LiDAR-based Online 3D Video Object Detection with Graph-based Message Passing and Spatiotemporal Transformer Attention

Junbo Yin,Jianbing Shen,Chenye Guan,Dingfu Zhou,Ruigang Yang
DOI: https://doi.org/10.48550/arXiv.2004.01389
2020-04-03
Abstract:Existing LiDAR-based 3D object detectors usually focus on the single-frame detection, while ignoring the spatiotemporal information in consecutive point cloud frames. In this paper, we propose an end-to-end online 3D video object detector that operates on point cloud sequences. The proposed model comprises a spatial feature encoding component and a spatiotemporal feature aggregation component. In the former component, a novel Pillar Message Passing Network (PMPNet) is proposed to encode each discrete point cloud frame. It adaptively collects information for a pillar node from its neighbors by iterative message passing, which effectively enlarges the receptive field of the pillar feature. In the latter component, we propose an Attentive Spatiotemporal Transformer GRU (AST-GRU) to aggregate the spatiotemporal information, which enhances the conventional ConvGRU with an attentive memory gating mechanism. AST-GRU contains a Spatial Transformer Attention (STA) module and a Temporal Transformer Attention (TTA) module, which can emphasize the foreground objects and align the dynamic objects, respectively. Experimental results demonstrate that the proposed 3D video object detector achieves state-of-the-art performance on the large-scale nuScenes benchmark.
Computer Vision and Pattern Recognition
What problem does this paper attempt to address?
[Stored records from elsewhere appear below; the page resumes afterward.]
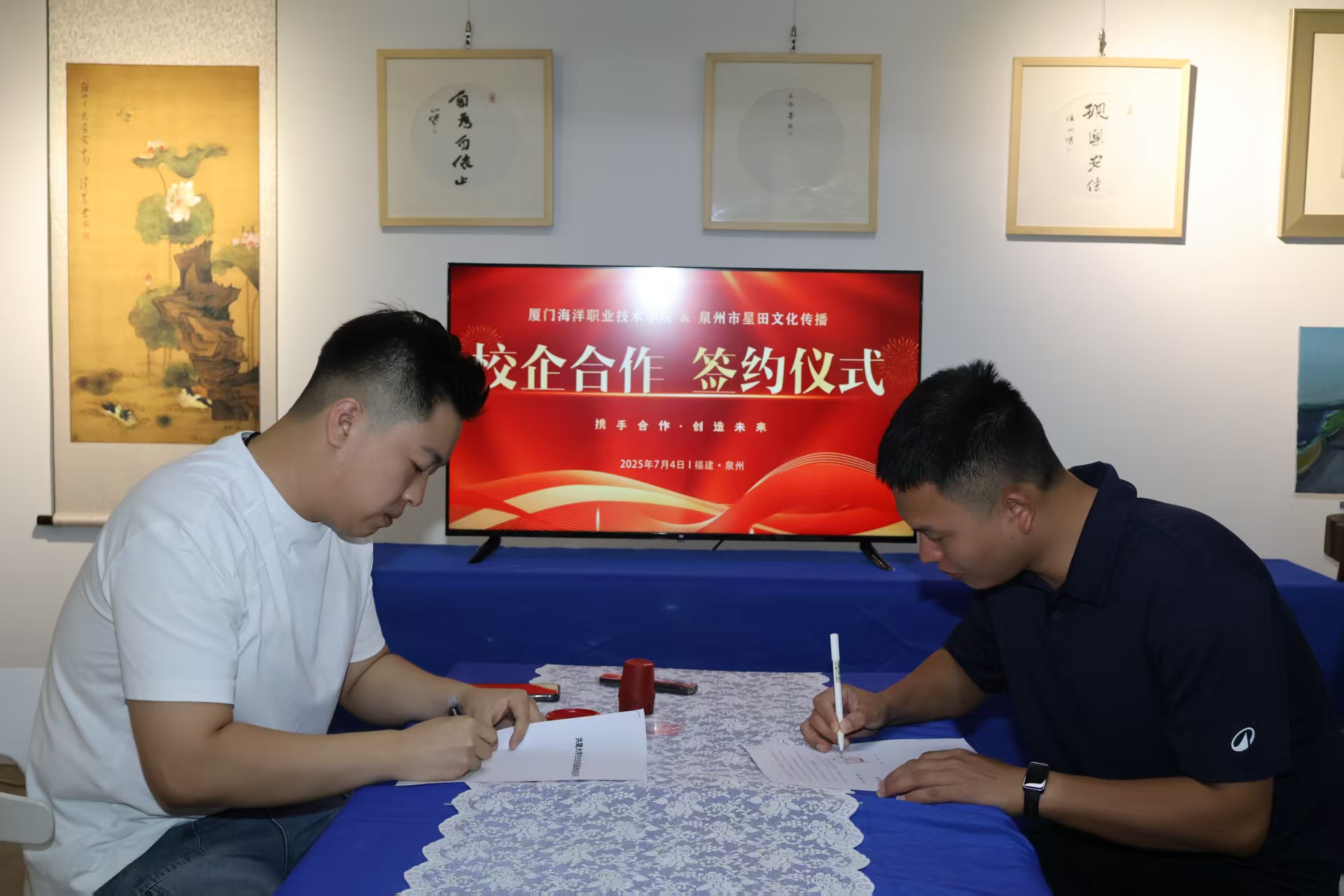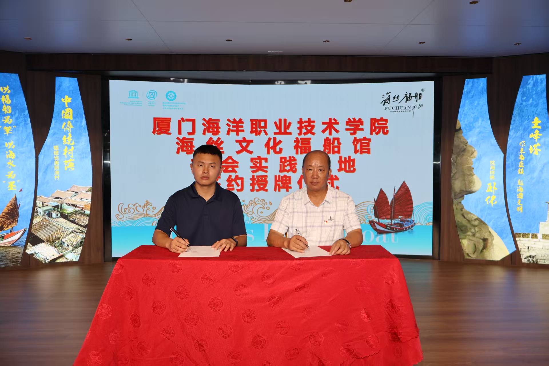 7月4日-5日,在调研基础上实践队积极推进技艺复原与共建合作,实践队先后与泉州福船古船模制作有限公司、泉州市星田文化传播有限公司签署社会实践基地共建协议,探讨造船技艺的保护与传承创新。同时,实践队前往泉州海外交通史博物馆,进行参观学习,并通过线上、线下结合的形式先后与“上海中国航海博物馆”“泉州海外交通史博物馆”开展了2次古船技艺与文化传承研究交流会。
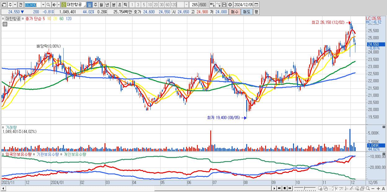 - 대한항공 (24,550원 ▼ -0.81% , 시총: 90,398억, 외국인 순매수 거래금:45억)
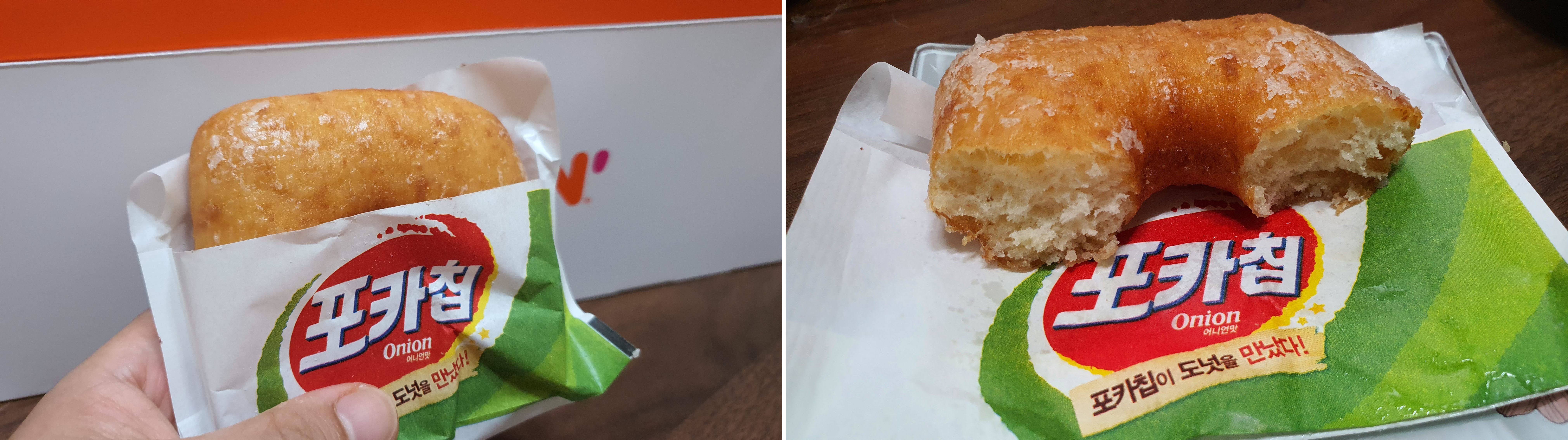 도넛에서 포카칩 맛이 살짝 나요. ㅎㅎㅎ 빵을 먹는데 과자 맛이 나요. 그렇지만 포카칩의 맛이 강하지는 않아서 그렇게 확 와 닿지는 않았어요.

This paper attempts to solve several key problems in LiDAR - based 3D video object detection, mainly including: 1. **Limitations of single - frame detection**: Most of the existing LiDAR - based 3D object detection methods mainly focus on single - frame detection and ignore the spatio - temporal information in continuous point cloud frames. This leads to poor performance when dealing with problems such as occlusion, long - distance and non - uniform sampling. 2. **Utilization of spatio - temporal information**: Continuous point cloud frames contain rich spatio - temporal information, which can be used to improve detection performance. Therefore, how to effectively model the spatial and temporal feature representations of continuous point cloud frames has become a key problem in constructing 3D video object detectors. 3. **Limitations of local features**: Traditional single - frame 3D object detection methods usually only focus on locally aggregated features, resulting in a small receptive field and being unable to effectively capture geometric relationships in a larger range. 4. **Background noise and dynamic object alignment**: In the bird's - eye view, the area occupied by foreground objects (such as cars and pedestrians) is small, and background noise will accumulate, affecting the calculation of new memories. In addition, the alignment of dynamic objects between different frames is also a challenge. To solve these problems, the author proposes an end - to - end online 3D video object detection framework, which mainly includes two components: - **Spatial feature encoding component**: A new graph message passing network (Pillar Message Passing Network, PMPNet) is introduced. Through iterative message passing, the receptive field of each pillar node is enlarged, so as to better capture the rich geometric relationships between different spatial regions. - **Spatio - temporal feature aggregation component**: An Attentive Spatiotemporal Transformer GRU (AST - GRU) with an attention mechanism is proposed. Through the Spatial Transformer Attention (STA) module and the Temporal Transformer Attention (TTA) module, the foreground objects are emphasized and the dynamic objects are aligned respectively, so as to more effectively utilize the spatio - temporal information in continuous point cloud frames. Experimental results show that this method has achieved state - of - the - art performance in the large - scale nuScenes benchmark test.